So I've been wanting to try sourdough for a while, because I love the flavor and especially the texture, but all the recipes involved beginning a "starter" which is a yeast-baby fed with water and sugar or flour. It's called a starter because it is kept alive in your kitchen through careful nurture, then lends a few tablespoons when needed to start, or rise, your next loaf of bread. Legend has it that many long-lasting kitchens have had long-lasting starters with the same bread of yeast from over 100 years back.
Meanwhile, we have 4 dogs and I don't need another mouth to feed. I also object to the logic of a thing being called a starter if it, by definition, does not end.
However, over at jemangelaville, she had the hutzpah to make a starter and finish it! Her recipe sends the whole starter off to fight the good fight in the oven and never return. I am impressed by this brave choice and decided to try it.
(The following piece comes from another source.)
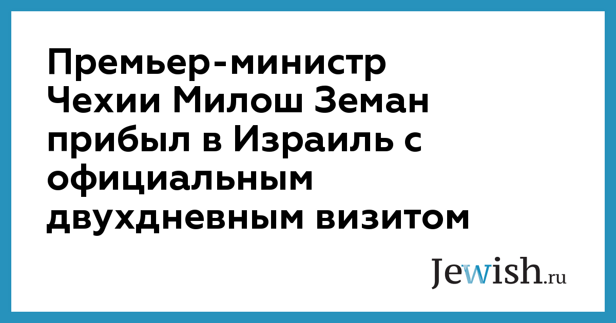Премьер-министр Чехии Милош Земан прибыл в воскресенье в Израиль с официальным двухневным визитом.

Below is the starter, a combo of .5 tsp active dry yeast, 1 1/4 cups white flour, and a 1/4 cup whole wheat, plus 1 cup warm water.
And now...get ready, start...and wait! This gets covered in plastic wrap and left on the counter for 2-12 hours. I'll be waiting atleast 12.
By the next morning (oops, few beers and fun made me forget the timing), here's how it looked:
And it smelled delicious, like a yeasty beer smell. Mmm. This got mixed directly into the AKAM along with 4 cups of flour, 1/2 teaspoon more yeast, 1 tablespoon sugar, another cup of water (but I used milk, just to be a rebel), and 1.5 tsp salt. Then the first rise, about an hour, and a second rise in the pans. I tried out a baguette pan Mom gave me, and a loaf pan. Slight mistake made by trying to artifically encourage the rise (sat them on top of the oven) which caused some early yeast deaths. Although, considering the life of a yeast cell, I doubt this was much mourned.
And it was absolutely delicious for sandwich, breakfast toast, and spreads. I definitely screwed around with the recipe, but I think what resulted was closest to Schlotsky bread. More dense and chewy than the beautiful white French bread over at jemangelaville.